Start of Block

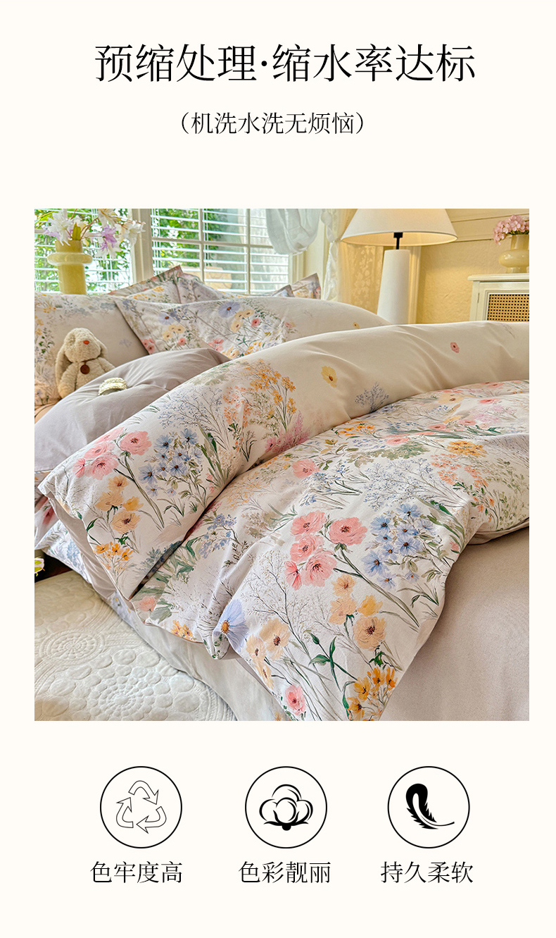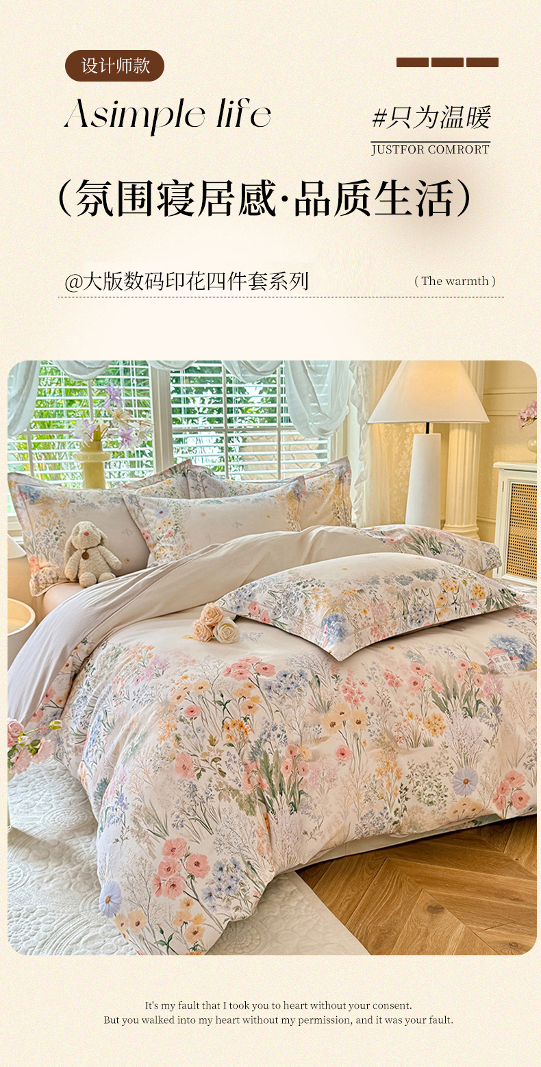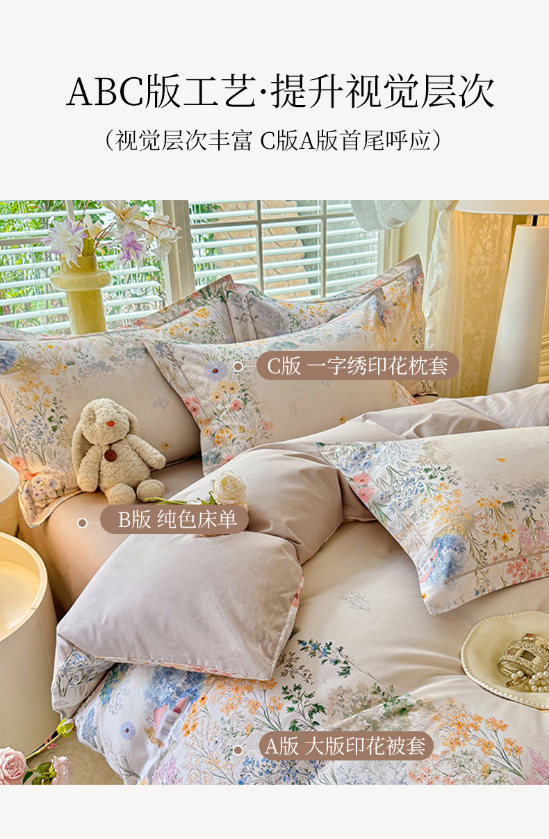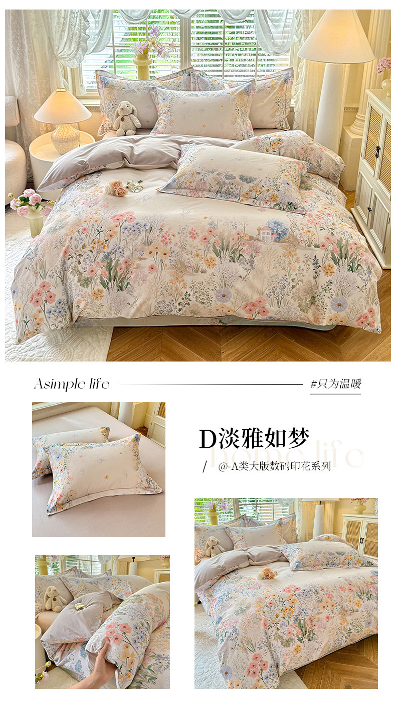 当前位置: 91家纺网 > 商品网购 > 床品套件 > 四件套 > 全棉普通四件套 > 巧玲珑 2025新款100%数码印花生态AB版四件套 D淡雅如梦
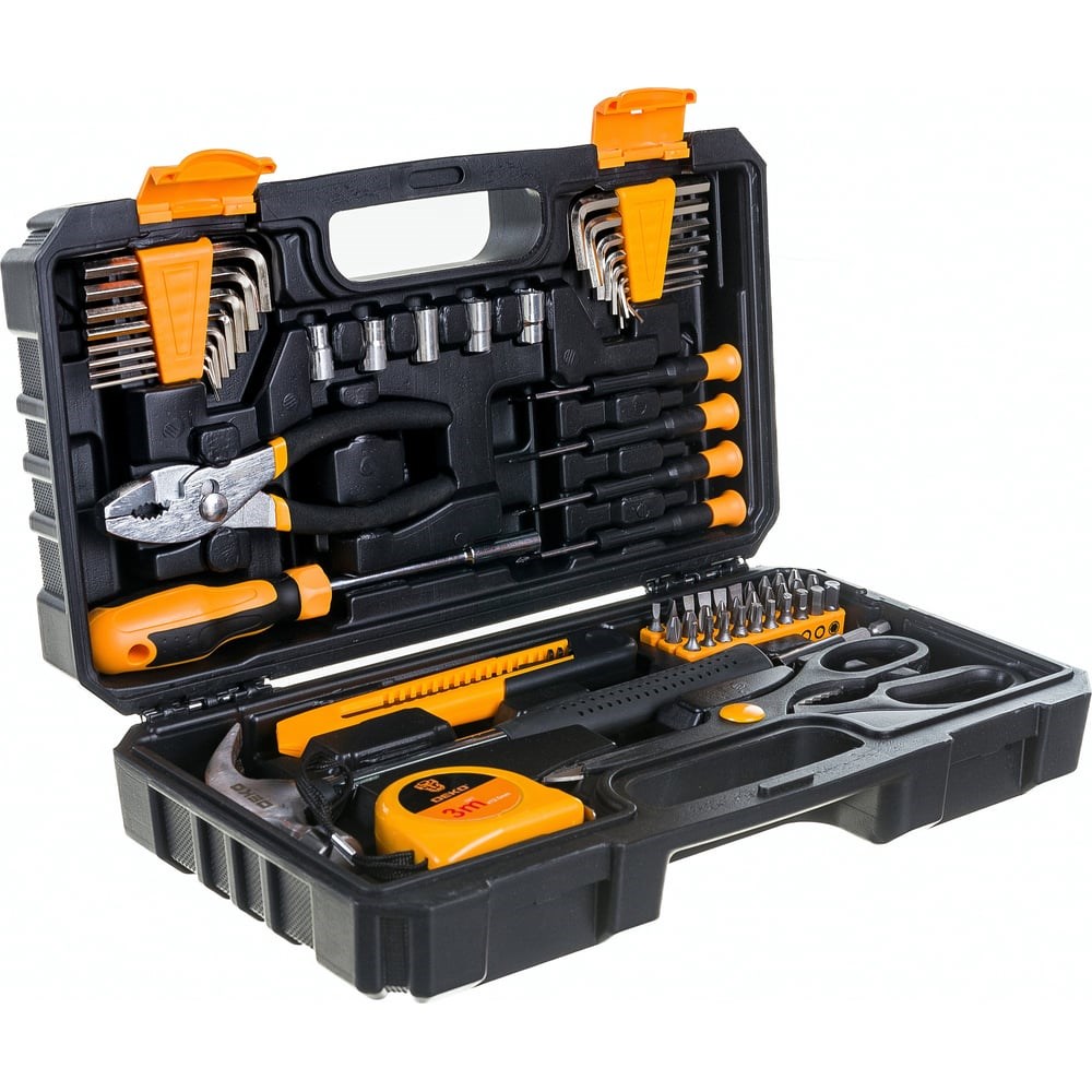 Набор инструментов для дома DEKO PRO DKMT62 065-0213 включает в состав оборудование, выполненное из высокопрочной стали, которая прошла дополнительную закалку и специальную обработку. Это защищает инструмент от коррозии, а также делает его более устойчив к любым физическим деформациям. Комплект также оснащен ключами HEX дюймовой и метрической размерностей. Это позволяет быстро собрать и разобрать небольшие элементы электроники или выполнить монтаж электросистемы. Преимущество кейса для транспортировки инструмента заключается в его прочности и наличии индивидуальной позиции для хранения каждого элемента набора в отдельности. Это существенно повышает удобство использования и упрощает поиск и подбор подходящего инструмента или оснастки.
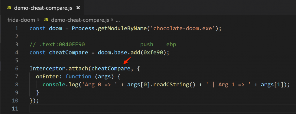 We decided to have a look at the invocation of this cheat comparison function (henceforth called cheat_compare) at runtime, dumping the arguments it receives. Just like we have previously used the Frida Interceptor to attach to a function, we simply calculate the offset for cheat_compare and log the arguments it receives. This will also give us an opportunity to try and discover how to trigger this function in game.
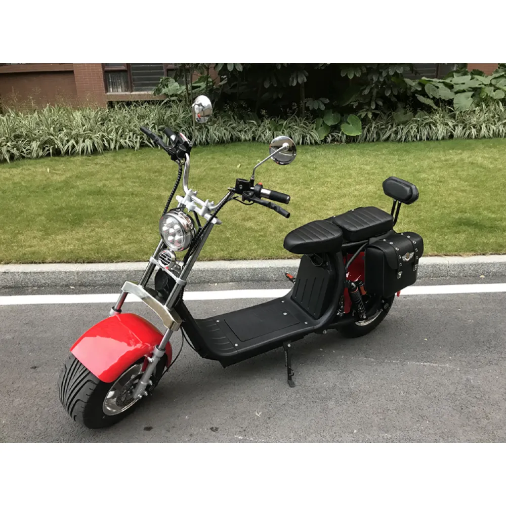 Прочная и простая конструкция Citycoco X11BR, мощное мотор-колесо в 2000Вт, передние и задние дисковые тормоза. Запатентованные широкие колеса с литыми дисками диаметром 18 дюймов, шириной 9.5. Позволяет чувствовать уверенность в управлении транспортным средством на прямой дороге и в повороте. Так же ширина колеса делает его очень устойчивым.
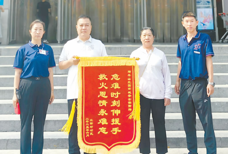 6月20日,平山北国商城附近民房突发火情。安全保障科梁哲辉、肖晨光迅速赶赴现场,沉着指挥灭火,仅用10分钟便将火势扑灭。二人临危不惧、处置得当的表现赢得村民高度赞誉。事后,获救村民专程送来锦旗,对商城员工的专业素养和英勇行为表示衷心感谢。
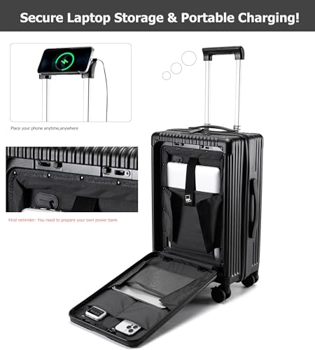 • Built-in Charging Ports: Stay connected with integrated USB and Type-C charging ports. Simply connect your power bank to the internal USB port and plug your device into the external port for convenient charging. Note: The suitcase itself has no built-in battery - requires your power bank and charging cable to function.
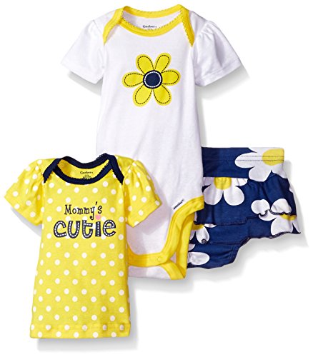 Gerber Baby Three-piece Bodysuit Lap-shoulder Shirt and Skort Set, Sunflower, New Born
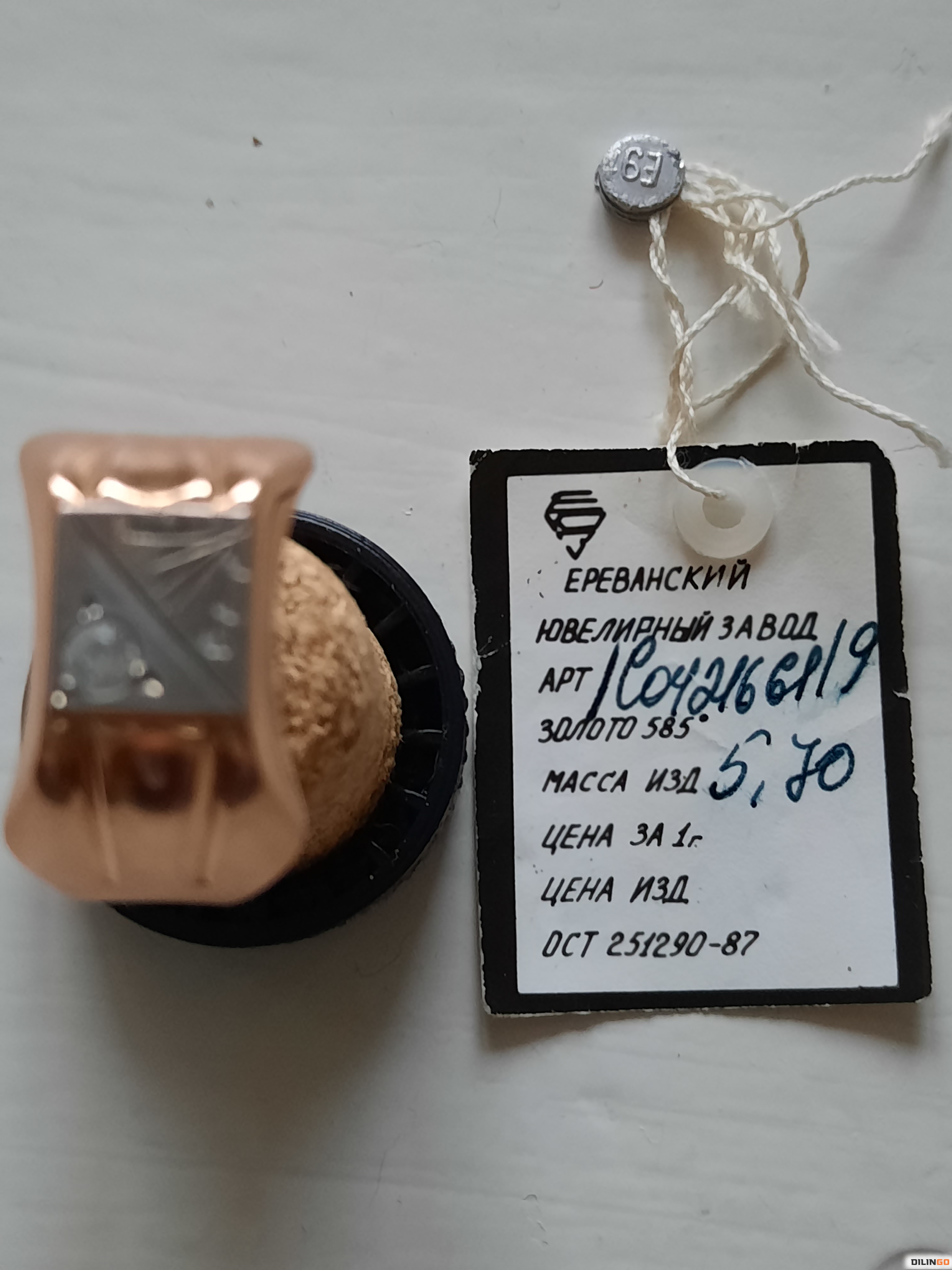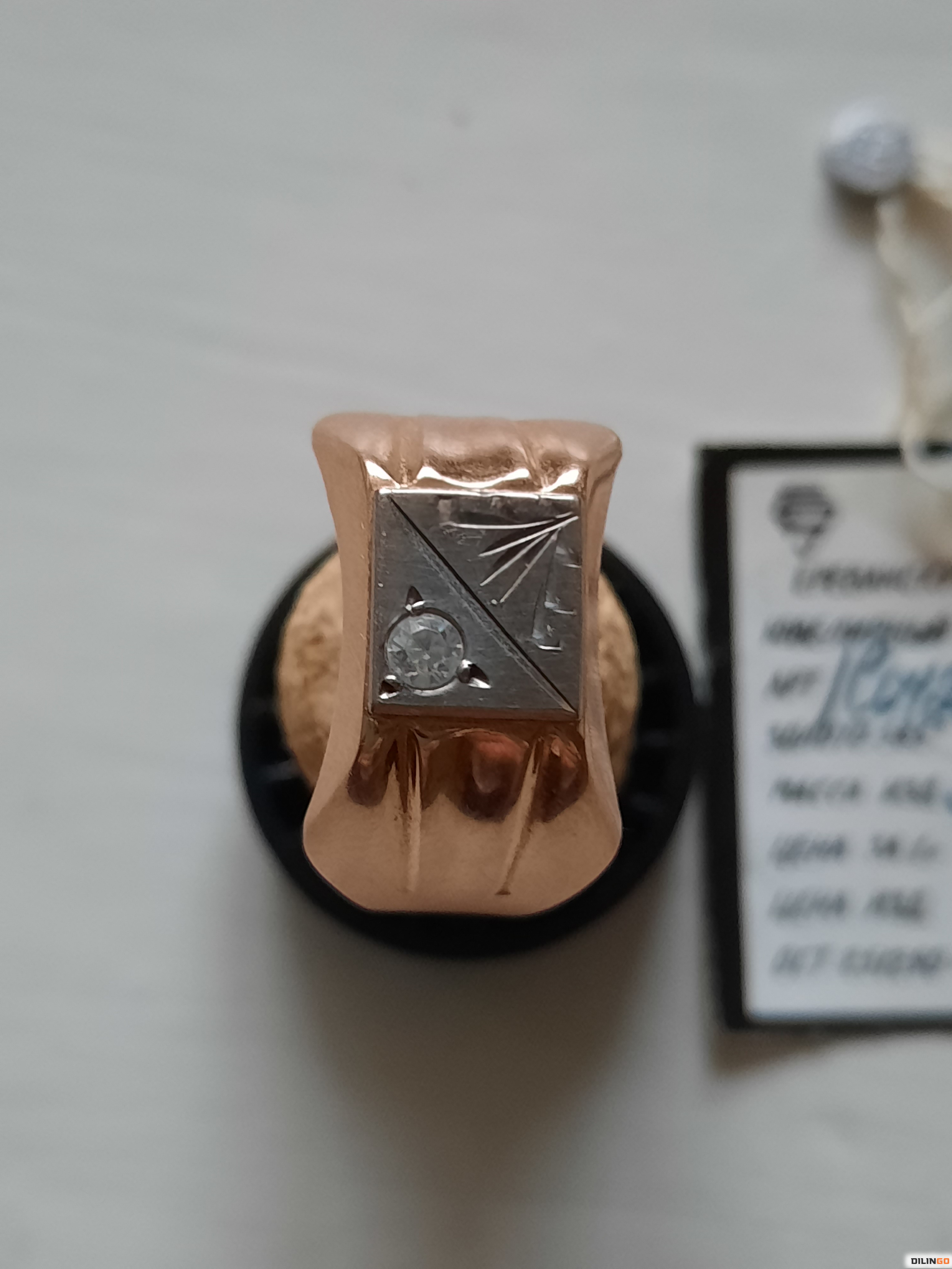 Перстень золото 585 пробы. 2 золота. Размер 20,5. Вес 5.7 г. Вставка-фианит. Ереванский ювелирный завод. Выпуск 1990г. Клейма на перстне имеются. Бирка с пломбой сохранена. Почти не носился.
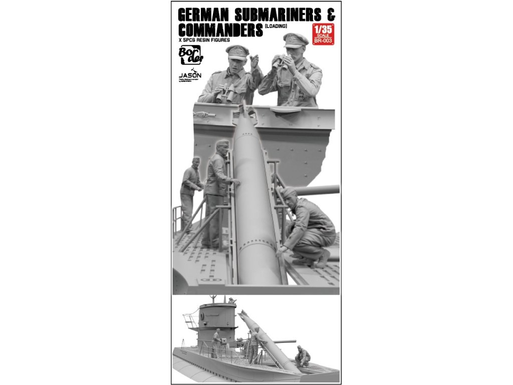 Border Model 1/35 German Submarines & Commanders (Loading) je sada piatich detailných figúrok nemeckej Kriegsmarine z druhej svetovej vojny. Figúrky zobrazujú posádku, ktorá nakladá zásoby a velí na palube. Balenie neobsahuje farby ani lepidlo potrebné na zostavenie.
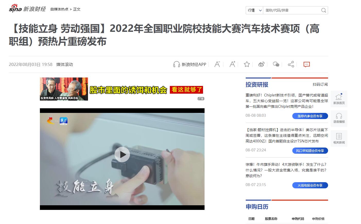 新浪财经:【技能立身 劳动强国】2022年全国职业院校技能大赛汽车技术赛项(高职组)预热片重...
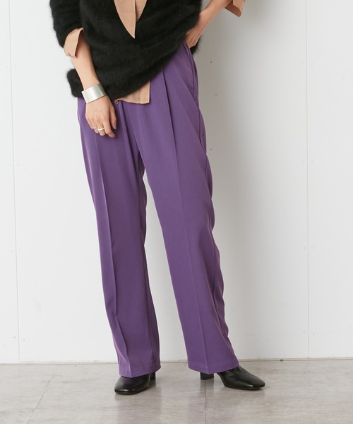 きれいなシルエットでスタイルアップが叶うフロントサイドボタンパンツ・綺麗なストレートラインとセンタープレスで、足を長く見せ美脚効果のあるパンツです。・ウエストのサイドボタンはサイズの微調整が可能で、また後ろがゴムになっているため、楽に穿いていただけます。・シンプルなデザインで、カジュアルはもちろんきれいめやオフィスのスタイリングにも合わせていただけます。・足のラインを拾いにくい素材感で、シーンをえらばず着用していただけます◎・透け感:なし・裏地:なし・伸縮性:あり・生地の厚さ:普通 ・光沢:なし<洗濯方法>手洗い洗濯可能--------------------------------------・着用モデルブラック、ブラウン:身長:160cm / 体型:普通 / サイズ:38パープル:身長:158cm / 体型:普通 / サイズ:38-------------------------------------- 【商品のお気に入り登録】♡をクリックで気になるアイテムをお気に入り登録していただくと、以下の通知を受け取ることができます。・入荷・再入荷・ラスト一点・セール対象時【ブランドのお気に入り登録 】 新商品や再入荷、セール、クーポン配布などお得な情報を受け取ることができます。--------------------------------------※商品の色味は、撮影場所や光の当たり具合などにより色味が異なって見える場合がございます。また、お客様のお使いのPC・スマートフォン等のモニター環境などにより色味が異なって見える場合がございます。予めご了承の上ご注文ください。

End of Block

-- WHAT IS NEEDED --
Repeat the data exactly in full, omitting its pictures.

-- RESULT OF THE TASK --
 当前位置: 91家纺网 > 商品网购 > 床品套件 > 四件套 > 全棉普通四件套 > 巧玲珑 2025新款100%数码印花生态AB版四件套 D淡雅如梦
 Набор инструментов для дома DEKO PRO DKMT62 065-0213 включает в состав оборудование, выполненное из высокопрочной стали, которая прошла дополнительную закалку и специальную обработку. Это защищает инструмент от коррозии, а также делает его более устойчив к любым физическим деформациям. Комплект также оснащен ключами HEX дюймовой и метрической размерностей. Это позволяет быстро собрать и разобрать небольшие элементы электроники или выполнить монтаж электросистемы. Преимущество кейса для транспортировки инструмента заключается в его прочности и наличии индивидуальной позиции для хранения каждого элемента набора в отдельности. Это существенно повышает удобство использования и упрощает поиск и подбор подходящего инструмента или оснастки.
 We decided to have a look at the invocation of this cheat comparison function (henceforth called cheat_compare) at runtime, dumping the arguments it receives. Just like we have previously used the Frida Interceptor to attach to a function, we simply calculate the offset for cheat_compare and log the arguments it receives. This will also give us an opportunity to try and discover how to trigger this function in game.
 Прочная и простая конструкция Citycoco X11BR, мощное мотор-колесо в 2000Вт, передние и задние дисковые тормоза. Запатентованные широкие колеса с литыми дисками диаметром 18 дюймов, шириной 9.5. Позволяет чувствовать уверенность в управлении транспортным средством на прямой дороге и в повороте. Так же ширина колеса делает его очень устойчивым.
 6月20日,平山北国商城附近民房突发火情。安全保障科梁哲辉、肖晨光迅速赶赴现场,沉着指挥灭火,仅用10分钟便将火势扑灭。二人临危不惧、处置得当的表现赢得村民高度赞誉。事后,获救村民专程送来锦旗,对商城员工的专业素养和英勇行为表示衷心感谢。
 • Built-in Charging Ports: Stay connected with integrated USB and Type-C charging ports. Simply connect your power bank to the internal USB port and plug your device into the external port for convenient charging. Note: The suitcase itself has no built-in battery - requires your power bank and charging cable to function.
 Gerber Baby Three-piece Bodysuit Lap-shoulder Shirt and Skort Set, Sunflower, New Born
 Перстень золото 585 пробы. 2 золота. Размер 20,5. Вес 5.7 г. Вставка-фианит. Ереванский ювелирный завод. Выпуск 1990г. Клейма на перстне имеются. Бирка с пломбой сохранена. Почти не носился.
 Border Model 1/35 German Submarines & Commanders (Loading) je sada piatich detailných figúrok nemeckej Kriegsmarine z druhej svetovej vojny. Figúrky zobrazujú posádku, ktorá nakladá zásoby a velí na palube. Balenie neobsahuje farby ani lepidlo potrebné na zostavenie.
 新浪财经:【技能立身 劳动强国】2022年全国职业院校技能大赛汽车技术赛项(高职组)预热片重...
 きれいなシルエットでスタイルアップが叶うフロントサイドボタンパンツ・綺麗なストレートラインとセンタープレスで、足を長く見せ美脚効果のあるパンツです。・ウエストのサイドボタンはサイズの微調整が可能で、また後ろがゴムになっているため、楽に穿いていただけます。・シンプルなデザインで、カジュアルはもちろんきれいめやオフィスのスタイリングにも合わせていただけます。・足のラインを拾いにくい素材感で、シーンをえらばず着用していただけます◎・透け感:なし・裏地:なし・伸縮性:あり・生地の厚さ:普通 ・光沢:なし<洗濯方法>手洗い洗濯可能--------------------------------------・着用モデルブラック、ブラウン:身長:160cm / 体型:普通 / サイズ:38パープル:身長:158cm / 体型:普通 / サイズ:38-------------------------------------- 【商品のお気に入り登録】♡をクリックで気になるアイテムをお気に入り登録していただくと、以下の通知を受け取ることができます。・入荷・再入荷・ラスト一点・セール対象時【ブランドのお気に入り登録 】 新商品や再入荷、セール、クーポン配布などお得な情報を受け取ることができます。--------------------------------------※商品の色味は、撮影場所や光の当たり具合などにより色味が異なって見える場合がございます。また、お客様のお使いのPC・スマートフォン等のモニター環境などにより色味が異なって見える場合がございます。予めご了承の上ご注文ください。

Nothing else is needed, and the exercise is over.